Radiographic Evaluation of the Normal Elbow Carrying Angle in Adults
Mohammad Omar Alsubael
Abdelmonem Awad M. Hegazy
In this study, the angle was examined radiologically in an attempt to determine its measurements in adults using a simple method. Antero-posterior plain X-ray views of the normal elbow region were taken in the Radio-Diagnostic Department of Al-Majma'ah, King Khalid Hospital, KSA. The study included 90 cases (45 males and 45 females). Measurement of the carrying angle was done to be confined to the lower third of the humerus and the upper third of the forearm to exclude any interference due to extensions of shaft of the long bones of the elbow in the actual values of the angle. The study demonstrated that the carrying angle is significantly greater in females than in males. In males, it ranged from 5° to 17° with a mean of 9.29±2.98°, while in females it ranged from 10° to 27° with a mean of 18.47±4.12°. The revealed differences between the carrying angles in males and females can be considered as a secondary sex character. The recorded measurements also might be helpful in the management of disorders of the elbow and in its reconstruction after fractures. Furthermore, the proposed method in this study is simple, easy and more or less accurate as it measures the actual angulations at the elbow.
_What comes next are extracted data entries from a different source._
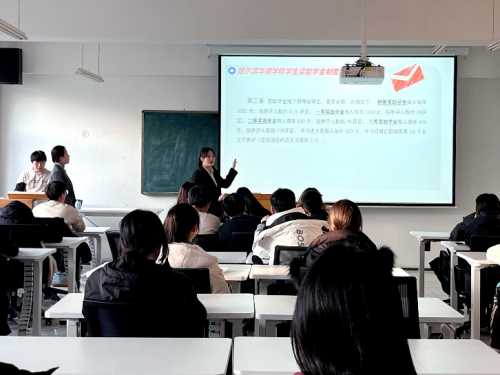 会上,同学们认真听讲,系统学习公司奖助学金制度实施细则,了解了奖助学金评选的重要性。学委们还通过运用基础数据进行现场实操,做到理论与实践相结合,提升了对综合测评相关工作的认识。
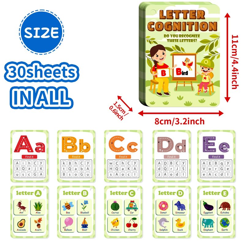 - EDUCATIONAL AND FUN: This reusable letter cognition flash card contains 30 different alphabet cards .Featuring bright and colorful images, These portable alphabetic flashcard is great tool for early learners.
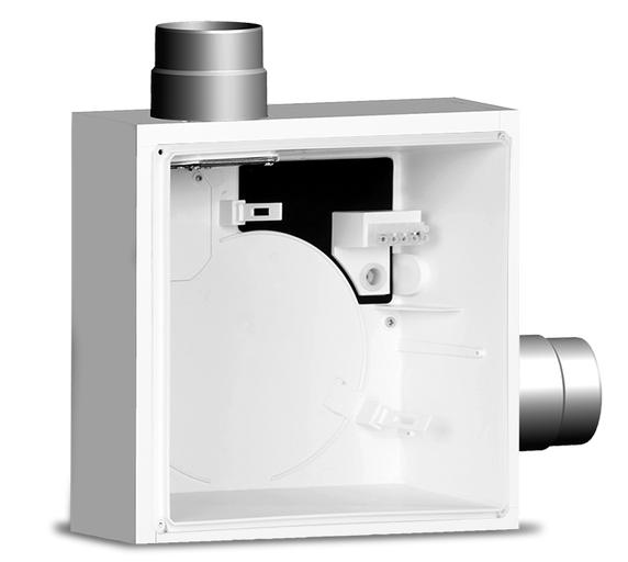 Krabice pro zapuštěnou montáž s požární úpravou K90, s požární zpětnou klapkou K90 a bočním výfukem. Obsahuje doplňkové nerezové hrdlo na pravé straně pro odsávání z druhé místnosti.

Potter (1895) was the first to carry out a quantitative
investigation on the carrying angle in man i.e., the angle of obliquity between
the upper arm and the fully extended and supinated forearm. The obliquity of
the forearm is more pronounced in women than in men. However, the line of the
upper arm and forearm becomes straightened out when the forearm is in the usual
working position of almost full pronation (McMinn, 1994).
The carrying angle permits the forearms to clear the hips in swinging movements
during walking and important when carrying objects (Chen,
2007). Snell (2004) recorded angle measurements of
170° and 167° for males and females, respectively. The difference in
the carrying angle between male and female and considering it as a secondary
sex character as well as its role in the sex determination are long debated
issues in anatomy and anthropology researches (Khare et
al., 1999; Purkait and Chandra, 2004). The main
reasons for this controversy are differences in the definition of the angle
and the variations in the measuring methods (Zampagni et
This study is aimed to assess the carrying angle in an attempt to determine
its values in both sexes, proposing a simple and reliable method for measuring
it. Furthermore, estimation of the carrying angle could be useful in managements
of elbow disorders, such as fractures or epicondylar diseases and evaluation
of elbow reconstruction (Zampagni et al., 2008b).
MATERIALS AND METHODS
Elbow radiographs of patients evaluated for clinical suspicion of orthopedic
disorders were studied. Cases with fractures, tumours or surgery were excluded.
Normal anteroposterior radiographic views with the elbow fully extended and
the forearm fully supinated were examined. Those with obliquity or rotation
of view were excluded. No rotation was evidenced by visualizing the two humeral
epicondyles and slight superimposition of the radial head, neck and tuberosity
over the proximal ulna (Ahmad, 2002). The investigation
included 90 elbow radiographs of adults (45 males and 45 females). Their ages
ranged from 18 to 76 years, mean age 35 years. Image of one elbow for each patient
was available. They were explored in the radio-diagnostic department of Al-Majma'ah,
King Khalid Hospital, K.S.A. between December 2008 and November 2009. The selected
radiographs were photographed.
Carrying angle was investigated in each radiograph. It was measured between
a line passing through the mid-axis of the lower third of humerus and a line
along the mid-axis of the upper third of forearm between radius and ulna on
the anteroposterior view.
||Anteroposterior radiographic view of right elbow of an adult
female. It shows the carrying angle (*). It is the supplementary angle between
the mid-axis of humerus (HA) and the mid-axis of forearm (FA). The two lines
(HA and FA) meet at the mid-point of Trans-Epicondylar Distance (TECD)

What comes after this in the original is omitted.